Allison Okamura (Stanford University)
Allison Okamura received the BS degree from the University of California at Berkeley, and the MS and PhD degrees from Stanford University. She is the Richard W. Weiland Professor of Engineering at Stanford University in the mechanical engineering department, with a courtesy appointment in computer science. She is Director of Graduate Studies for Mechanical Engineering at Stanford University and a deputy director of the Wu Tsai Stanford Neurosciences Institute. She is an IEEE Fellow and was previously editor-in-chief of the journal IEEE Robotics and Automation Letters. Her awards include the IEEE Engineering in Medicine and Biology Society Technical Achievement Award, IEEE Robotics and Automation Society Distinguished Service Award, and Duca Family University Fellow in Undergraduate Education. Her academic interests include haptics, teleoperation, virtual reality, medical robotics, soft robotics, rehabilitation, and education.
Julien Scheibert (Centrale Lyon - CNRS)
Julien Scheibert is currently a senior researcher at the French National Center for Scientific Research (CNRS), hosted in the Tribology and System Dynamics Laboratory (LTDS) of École Centrale de Lyon. His research topics lie at the interface between physics and mechanics. During his PhD, he worked on human tactile perception, in particular on the role of fingerprints in the perception of fine textures. During his postdoc in CEA-Saclay, he investigated the fast rupture of brittle heterogeneous solids. Since then, his main focus has been on the dynamics of the onset of sliding along frictional contact interfaces between rough solids, using both experimental and numerical tools. Recently, he has pioneered the field of metainterfaces, which are engineered rough contacts with on-demand frictional properties.
Yon Visell (University of California, Santa Barbara)
Yon Visell is Associate Professor at the University of California, Santa Barbara, in the Biological Engineering Program, Department of Mechanical Engineering, Department of Electrical and Computer Engineering (by courtesy), and Media Arts and Technology Program (by courtesy). His academic interests include haptics, soft robotics, emerging material technologies, and applied physics.

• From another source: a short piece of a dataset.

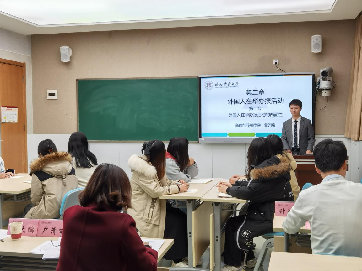 在此次青教赛决赛中,两名青年教师汲取预赛的经验和教训,在各位专家的指导下,进行了精彩的授课内容。杨馨老师将课程以专题的形式呈现,用大量生动有趣且富有争议的案例,旁征博引,知识储备极为丰富,引起在座各位员工和评委对隐形采访时的伦理问题进行思考,同时,杨馨与在座员工积极互动,课堂氛围活跃。董翊宸老师的授课科目为《中国新闻传播史》,其以“外国人在华办报活动”为题,用生动有趣的史料带领大家了解外国人在华办报活动的两面性。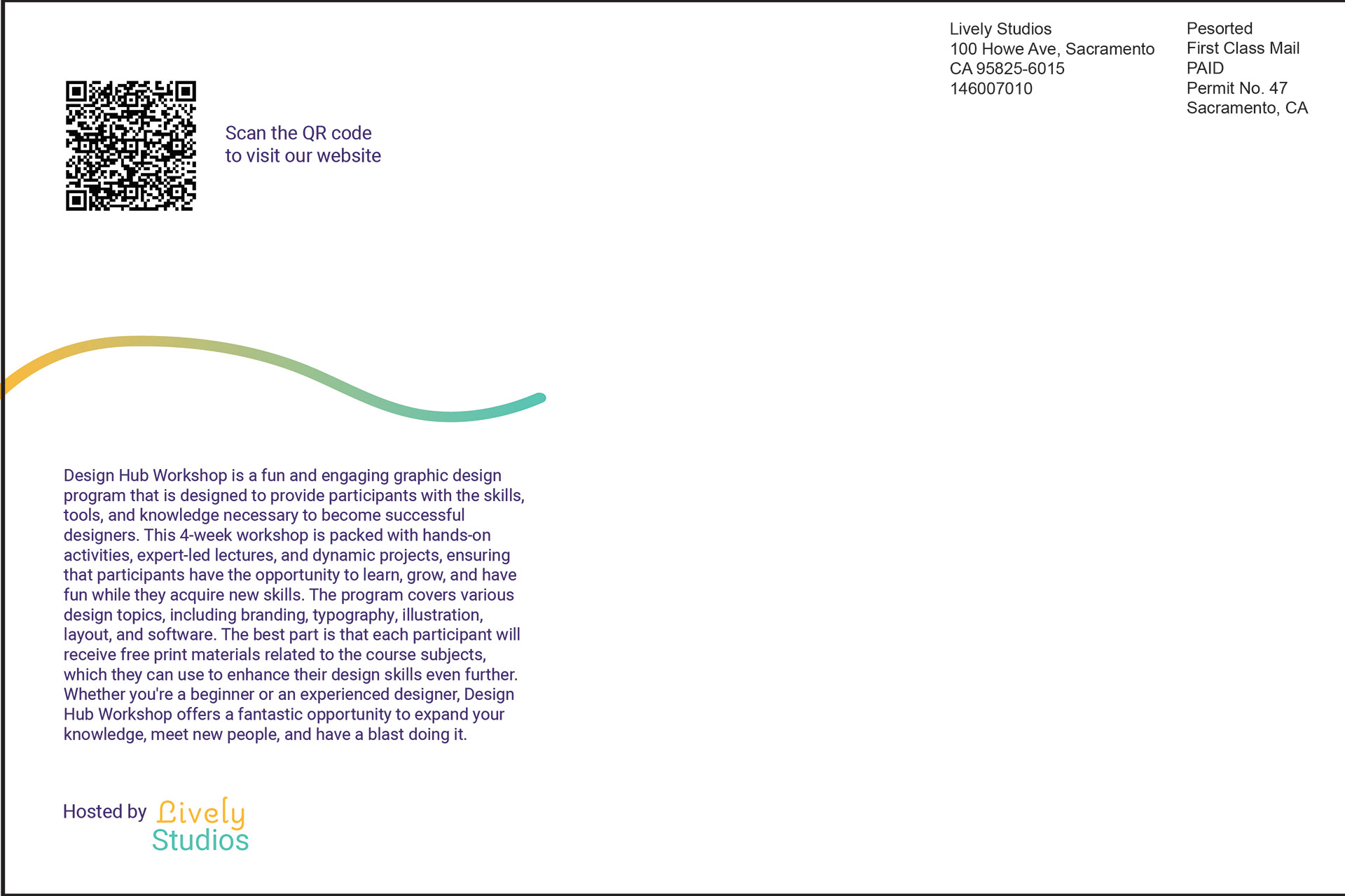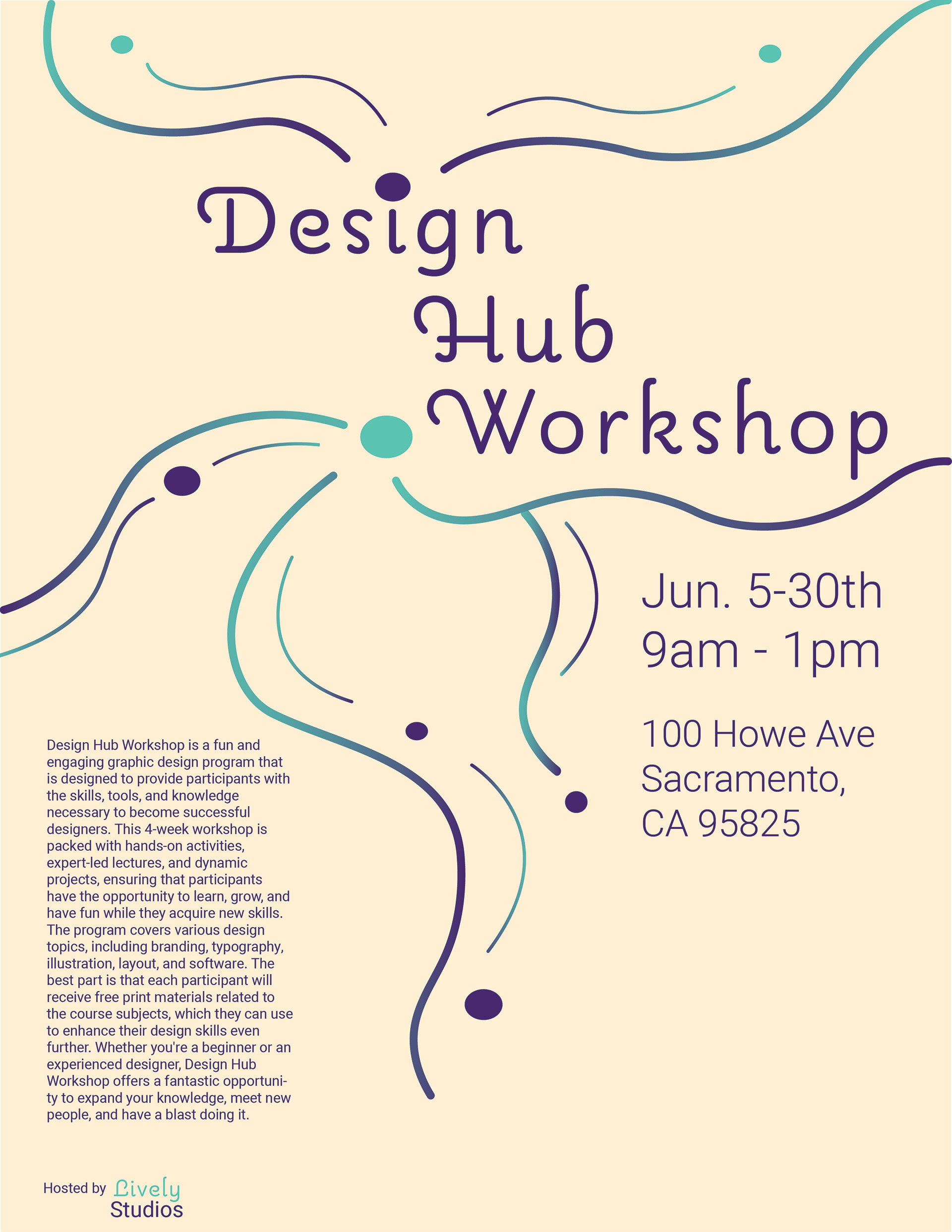 This project features a touchpoint system for a graphic design workshop called the Design Hub Workshop by Lively Studios. It showcases a fun and colorful visual system that is emphasized through contrasting cool as well as warm colors and wavy visual elements. This design solution was created to tackle issues in regards to gaps in information and lack of resources that are prevalent to the graphic design field.

He received the Ph.D. in Electrical and Computer Engineering from McGill University, and was a postdoc at the Institute for Intelligent Systems and Robotics Sorbonne University. His prior degrees are in physics. Prior to his PhD, Visell spent several years outside of academia, working on machine learning for speech recognition, audio signal processing, and interactive art and architecture. Dr. Visell has published more than 85 scientific works. His lab has received a half-dozen awards and many more honorable mentions for work presented at prominent academic conferences. Visell received a Google Faculty Research Award in 2016, a Hellman Family Foundation Faculty Fellowship in 2017, and a US National Science Foundation CAREER award in 2018. Visell served as General Co-Chair of the 2022 and 2024 IEEE Haptics Symposium.